はじめのうちはろくな働きをできていなかったが、この一年余りは随分サマになってきている。先日は、あの生意気な風使いとも問題なく共闘していたようだし、レノックス伯爵家の名に恥じない程度の働きはできているのだろう。
(風使いのアシュクロフト伯爵家も、炎使いのフラファティ子爵家も、土使いのリリーホワイト侯爵家も。せいぜい、マスターを輩出した事実にあぐらを掻いているといいさ。

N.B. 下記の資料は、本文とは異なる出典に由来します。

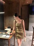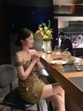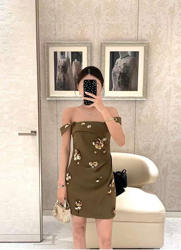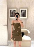 Đầm Xanh Rêu Đính Hoa Vàng
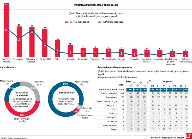 Y los resultados apuntan a una inquietud extendida en un punto: sueldos y empleo. El 43% de los consultados menciona este tema entre las dos principales preocupaciones de la región donde vive. Es la primera opción, con bastante distancia del segundo problema reportado, que es el coronavirus (25%), seguido de la delincuencia y las drogas (24%) y la desigualdad (23%).
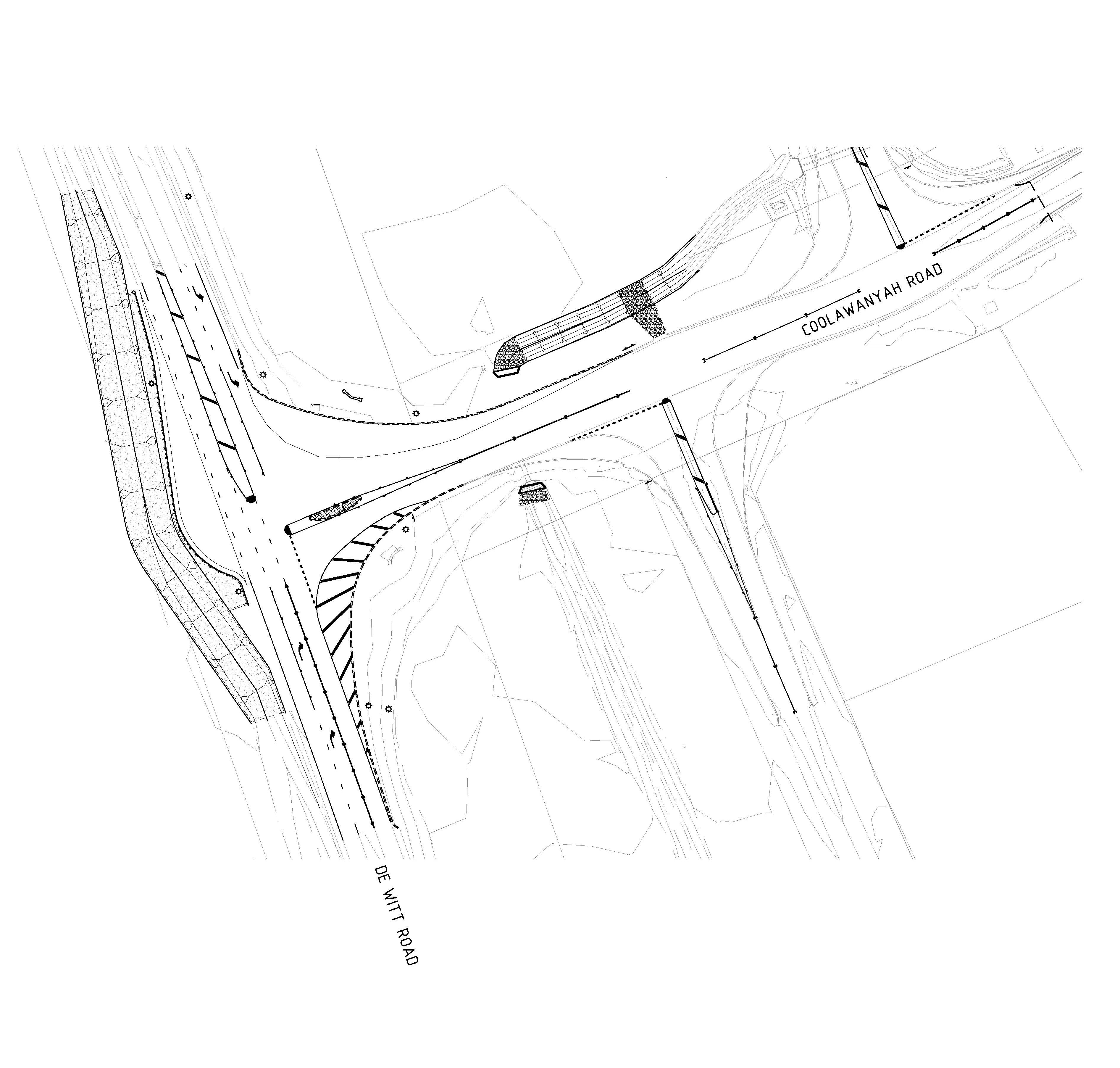 The Coolawanyah Road and De Witt Road Intersection Upgrade involves widening the intersection, resurfacing the road, upgrading culverts and installing additional streetlights to improve visibility and safety. The works will address issues identified in previous Road Safety Audits, including limited space for heavy vehicles, faded line markings and inadequate lighting. Updates to traffic islands and line markings will also be undertaken in line with audit recommendations.
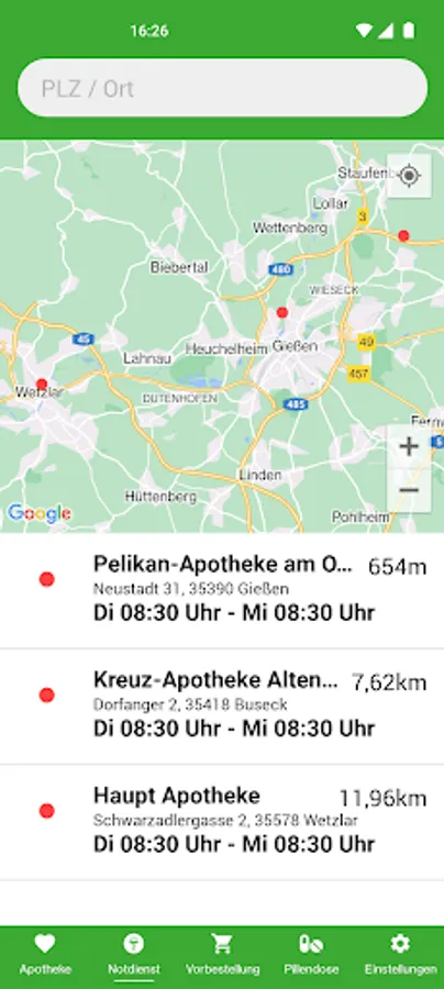 Who's on emergency call tonight? We'll show you in our app. With information on how to get there and contact details for the emergency pharmacy.
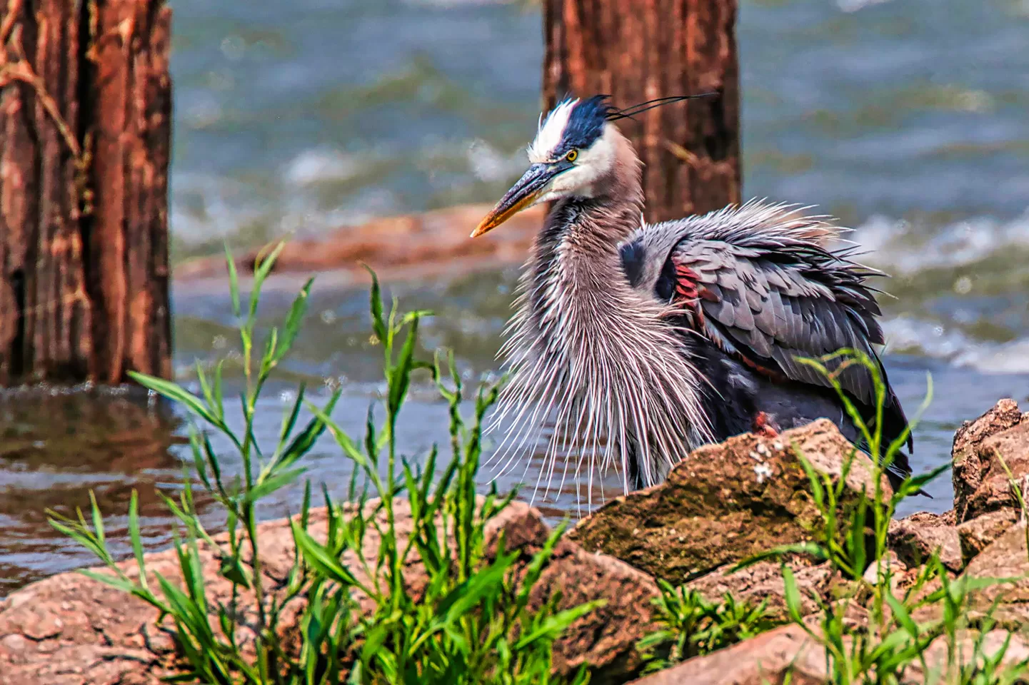While photographing great blue herons fishing in the Red River near Denison, Texas, George Moore spotted one preening nearby and captured the result.

その間に、我らは水使いを得た者として、正しく働かせてもらうとするよ)
幸運とは、ただ手に入れただけでは意味がない。
それを正しく利用してこそ、価値のあるものなのだ。
レノックス伯爵家にとって、水使いの少女は幸運そのもの。
そのすべてを利用し尽くして、至上の栄光を手に入れる。
(あの娘は、今十五歳だったか。……まあ、三年後の成人までには、あの見苦しい呪詛の爪痕も消えているだろう。ベッドで女の喜びを教えてやるとしても、あんな爪痕があっては興ざめだからな)
何はともあれ、まずはこの国の不遇の第一王子に、上手く接触しなければなるまい。
学生時代から、世間で言うところの『悪い遊び』にもよく興じていたジュリアンは、若い男が喜ぶ楽しみを熟知している。
幼い頃から王宮の奥に籠もっていたという第一王子とて、その誘惑には抗えないはずだ。
まずは友人として親しくなってから、少しずつ自分に依存させていけばいい。
すでに第二王子が立太子しているとはいえ、実権を持たないお飾りの国王などいくらでもいる。
肝要なのは、王宮で最終的に誰の意見が生かされるか、だ。
(親愛なる第一王子。我がレノックス伯爵家が、この国の真の支配者となるためです。私は、心からあなたさまにお仕えいたしますよ)
その素晴らしき日がくるのが、本当に楽しみだ。